Embracing Diversity: Interpretable Zero-shot classification beyond one vector per class (2404.16717v1)

Abstract: Vision-LLMs enable open-world classification of objects without the need for any retraining. While this zero-shot paradigm marks a significant advance, even today's best models exhibit skewed performance when objects are dissimilar from their typical depiction. Real world objects such as pears appear in a variety of forms -- from diced to whole, on a table or in a bowl -- yet standard VLM classifiers map all instances of a class to a \it{single vector based on the class label}. We argue that to represent this rich diversity within a class, zero-shot classification should move beyond a single vector. We propose a method to encode and account for diversity within a class using inferred attributes, still in the zero-shot setting without retraining. We find our method consistently outperforms standard zero-shot classification over a large suite of datasets encompassing hierarchies, diverse object states, and real-world geographic diversity, as well finer-grained datasets where intra-class diversity may be less prevalent. Importantly, our method is inherently interpretable, offering faithful explanations for each inference to facilitate model debugging and enhance transparency. We also find our method scales efficiently to a large number of attributes to account for diversity -- leading to more accurate predictions for atypical instances. Finally, we characterize a principled trade-off between overall and worst class accuracy, which can be tuned via a hyperparameter of our method. We hope this work spurs further research into the promise of zero-shot classification beyond a single class vector for capturing diversity in the world, and building transparent AI systems without compromising performance.

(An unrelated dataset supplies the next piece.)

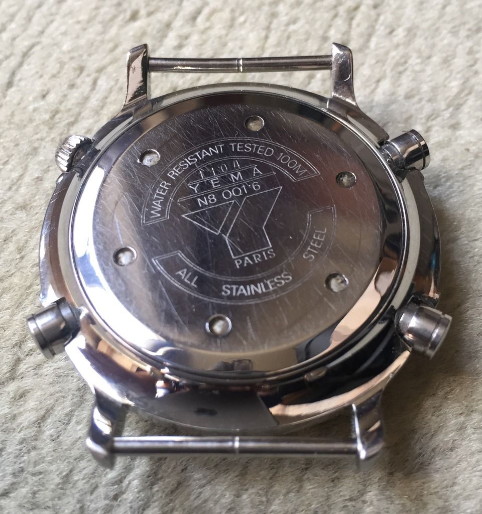 There was no price stated; simply 'make offer'. Obviously no strap, but still fitted with the original Yema strap push pins. Remembering, but not actually reciting my mantra: I really don't I contacted the seller and asked if he could send me the original high resolution photo and another of the watch's case-back. Which he kindly did:

• The paper introduces a novel approach that replaces single-vector class representation with multiple attribute vectors to better capture intra-class diversity.
• It leverages generative language models to infer diverse attributes for each class, significantly improving prediction accuracy on varied datasets.
• The method enhances model interpretability by clearly linking classification decisions to specific, relevant attributes, reducing potential biases.

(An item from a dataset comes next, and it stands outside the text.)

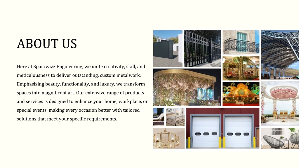 ABOUT US Here at Sparxwizz Engineering, we unite creativity, skill, and meticulousness to deliver outstanding, custom metalwork. Emphasizing beauty, functionality, and luxury, we transform spaces into magnificent art. Our extensive range of products and services is designed to enhance your home, workplace, or special events, making every occasion better with tailored solutions that meet your specific requirements.

Improving Zero-shot Classification by Representing Intra-class Diversity

Introduction

Recent advancements in Vision-LLMs (VLMs) have improved zero-shot classification capabilities, where models like CLIP have demonstrated significant performance boosts in classifying images without retraining. However, these models often struggle with diverse object representations within the same class, leading to performance disparities. Zero-shot classification typically maps all instances of a class to a single vector, which can be limiting when objects vary significantly in appearance.

In this context, Moayeri et al. propose an innovative approach that diverges from the single vector paradigm by incorporating multiple attribute vectors to better represent diversity within classes. Their method not only improves classification accuracy across various datasets but also enhances interpretability and model transparency without additional training.

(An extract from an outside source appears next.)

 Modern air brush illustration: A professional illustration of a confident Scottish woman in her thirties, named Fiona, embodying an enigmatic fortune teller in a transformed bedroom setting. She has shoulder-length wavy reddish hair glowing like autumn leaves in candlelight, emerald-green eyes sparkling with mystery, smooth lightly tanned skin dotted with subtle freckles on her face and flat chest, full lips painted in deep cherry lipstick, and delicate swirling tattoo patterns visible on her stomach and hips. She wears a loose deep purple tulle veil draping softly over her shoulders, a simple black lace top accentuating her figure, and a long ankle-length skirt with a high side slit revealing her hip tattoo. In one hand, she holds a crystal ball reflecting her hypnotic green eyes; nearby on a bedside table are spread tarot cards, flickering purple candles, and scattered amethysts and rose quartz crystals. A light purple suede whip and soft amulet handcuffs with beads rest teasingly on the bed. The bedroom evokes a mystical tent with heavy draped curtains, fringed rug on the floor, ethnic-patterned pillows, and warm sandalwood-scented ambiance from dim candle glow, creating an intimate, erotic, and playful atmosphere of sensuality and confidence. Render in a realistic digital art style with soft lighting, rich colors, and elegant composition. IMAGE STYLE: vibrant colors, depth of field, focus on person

Motivation and Problem Definition

The one-vector-per-class model used in standard zero-shot classification faces difficulties especially when dealing with diverse or atypical instances within a class. For example, pears can appear very differently (e.g., peeled, diced, whole) which can drastically affect model performance since all these variations are expected to align with a single vector representation of the class 'pear'.

The authors highlight that while previous attempts, like prompt tuning or using language generative models have been made to tackle this issue, they often do not escape the constraints of the single-vector strategy fundamentally. Moayeri et al. propose leveraging the inherent generative capabilities of modern VLMs to encompass actual intra-class diversity into the classification process.

Methodology

The approach involves two key steps:

1. Attribute Inference: By querying a generative LLM, the system enumerates relevant attributes for each class, effectively covering various subpopulations and diversity axes like physical states, geographic origins, or common co-occurrences.
2. Prediction Consolidation: Instead of averaging, which can dilute the impact of relevant attributes, the model attends only to the most relevant attributes for each instance. This is achieved by comparing the image to multiple class-related vectors and consolidating these relations to improve prediction accuracy.

Results

The experimental results presented by Moayeri et al. show that their method consistently outperforms traditional zero-shot classifiers on a suite of challenging datasets. Notably, it achieves better accuracy especially in recognizing subpopulations where members are perceptibly diverse from the canonical examples of a class. Furthermore, the method proves scalable and maintains performance as the number of attributes increases.

Discussion

Beyond numerical improvements, the proposed method introduces a layer of interpretability. Each decision made by the classifier is accompanied by a discrete set of attributes that factored into that decision, making the model's predictions more transparent and easily debuggable.

Moreover, the flexibility in handling multiple attributes and focusing on the most relevant ones allows for a nuanced understanding and adaptation to the data, potentially reducing biases inherent in skewed training data or in scenarios where certain subpopulations are underrepresented.

Conclusion

Exploring beyond the conventional single-vector representation in zero-shot classification for handling intra-class diversity shows promise both in terms of performance and fairness. The approach by Moayeri et al. leverages existing capabilities of LLMs within visual classifiers to better interpret and represent the manifold nature of real-world classes, marking a step forward in developing AI models that robustly understand and interact with a diversely visual world. Future work could explore automated ways to refine attribute selection and further tailor the predictions to suit specific fairness or application-oriented constraints.